### Task data
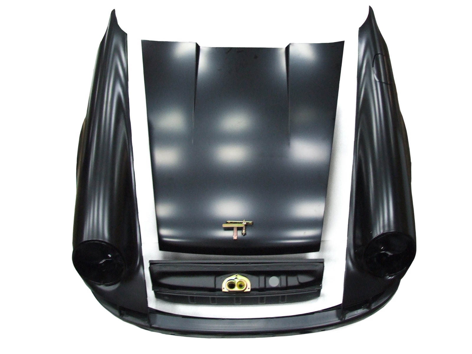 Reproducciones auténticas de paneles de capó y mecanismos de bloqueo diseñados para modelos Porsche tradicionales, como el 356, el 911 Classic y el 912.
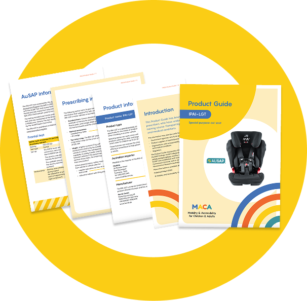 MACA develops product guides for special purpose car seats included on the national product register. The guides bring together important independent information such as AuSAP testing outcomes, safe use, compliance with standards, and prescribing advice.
---
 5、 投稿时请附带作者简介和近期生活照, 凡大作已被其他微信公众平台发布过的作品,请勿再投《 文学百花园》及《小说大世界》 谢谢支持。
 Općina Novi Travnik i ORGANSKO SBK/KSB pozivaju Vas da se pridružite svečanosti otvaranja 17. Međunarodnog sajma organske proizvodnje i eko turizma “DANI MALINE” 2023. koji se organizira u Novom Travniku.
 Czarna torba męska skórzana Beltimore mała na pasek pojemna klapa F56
---
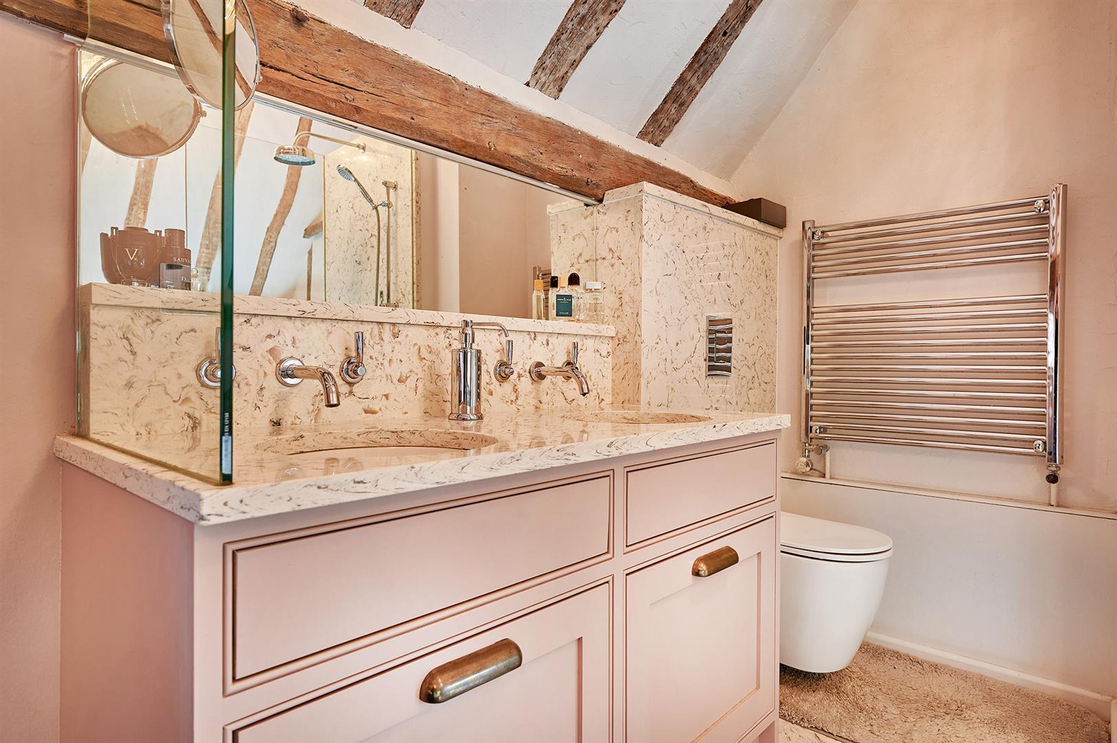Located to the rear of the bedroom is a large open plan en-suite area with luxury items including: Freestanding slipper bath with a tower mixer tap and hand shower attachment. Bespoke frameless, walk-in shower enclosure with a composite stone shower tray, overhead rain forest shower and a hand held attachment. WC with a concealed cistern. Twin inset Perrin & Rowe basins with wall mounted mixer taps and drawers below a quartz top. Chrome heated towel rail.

### Problem description
Please transcribe exactly the lines above from the line that has "Općina Novi Travnik" up to and including the line that has "Czarna torba męska"; no other line belongs in the answer.

### Solution
 Općina Novi Travnik i ORGANSKO SBK/KSB pozivaju Vas da se pridružite svečanosti otvaranja 17. Međunarodnog sajma organske proizvodnje i eko turizma “DANI MALINE” 2023. koji se organizira u Novom Travniku.
 Czarna torba męska skórzana Beltimore mała na pasek pojemna klapa F56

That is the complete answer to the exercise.